SEW: I want to create a live installation but I need to work on it before I reveal too much.
KL: How long have you been working on the series?
SEW: I started these images two years ago. You can never really say when it’s going to rain or when you’re going to see a good reflection. You cannot influence that. And also, this is why almost all of the images I’ve taken of reflections were taken on my phone, these are always captured spontaneously. So there is no camera involved in that series.
KL: Does that make a difference? I hear this a lot – But I just took it with my mobile phone. Yet recently there’s been a fairly highly acclaimed film that’s come out shot purely on iPhone and we are moving towards legitimising it as a medium. Do you feel psychologically, when you are shooting on your phone, that you are doing something less artistic or creative?

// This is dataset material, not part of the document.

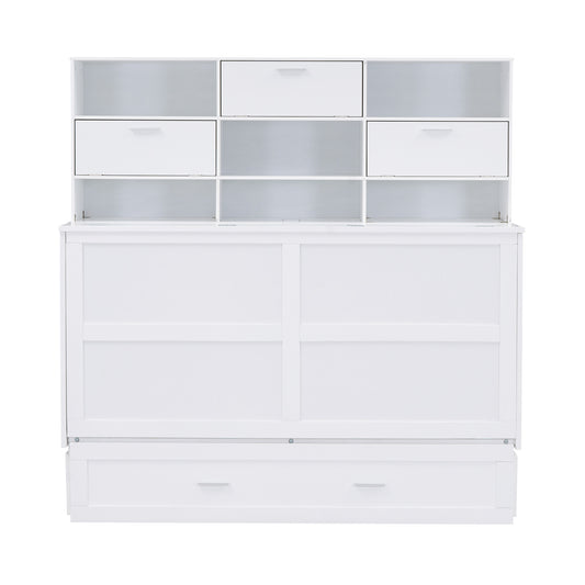 ueen Size Murphy Bed with Bookcase, Bedside Shelves and a Big Drawer, White

SEW: I, myself, am in the process of trying to figure out how I feel about it. I would also introduce this project to other people and I would say, it’s only shot by iPhone. In the end, I think again, that it’s only the image that counts. Maybe it would help if there were more artists exploring with this digital medium and transforming it into something that has a wider acceptance in todays creative world. I guess there would not be this feeling of stigma using a phone in an artistic context.

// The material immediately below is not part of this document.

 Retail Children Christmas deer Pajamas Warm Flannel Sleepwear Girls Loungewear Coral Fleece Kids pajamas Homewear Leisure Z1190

KL: What’s more important to you, is it purely the aesthetic or, is it also what you’re trying to express through the image?
SEW: Its a combination. I am always more dragged to aesthetics and I cannot break out of that. But my images always have a thought behind it. People who see my images might not understand the meaning behind it but I leave it up to them to built their own story about it.

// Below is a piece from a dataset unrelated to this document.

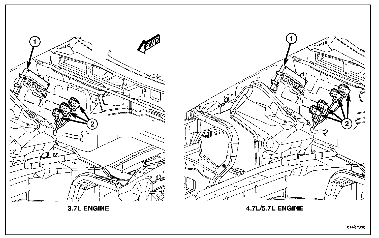 The PCM (1) is attached to the right-front inner fender located in the engine compartment.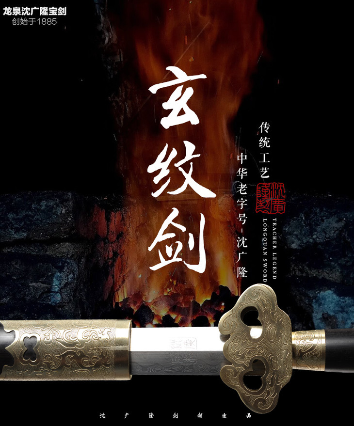 - 相传春秋末期,越国铸剑师欧冶子在龙泉秦溪山铸成龙渊、泰阿、工布三把名剑。并以龙渊为乡名。后因避唐高祖李渊讳,改称龙泉。唐乾元二年设龙泉县。从此,龙泉就成为剑的宝名,誉满天下。沈广隆剑铺位于浙江省龙泉市

KL: You mentioned that you haven’t decided yet how tight the parameters of this series were going to be, whether you were going to focus on architecture or portraiture.
SEW: I would like to have more portrait pictures in the “reflecting China series” but I'll have to hope for more rain to turn Beijing into a great reflection zone. But in general I like to take portrait pictures of people in the hutongs. I am especially inspired by old people and their style, especially when the mix western elements with their traditional Chinese clothes.
KL: And there’s an element of reflection in there, too!
SEW: Yes, sometimes.
KL: Are these taken on your phone?
SEW: No, these are taken with my digital camera. It gives me the freedom to be more anonymous and hidden since I can zoom in and don't disturb the person in their actions. Also I can frame it better which completes the portrait as I believe the background is equally important to the person portrayed.
KL: Do you tend to be a stealth photographer or do you go up and speak to your subjects?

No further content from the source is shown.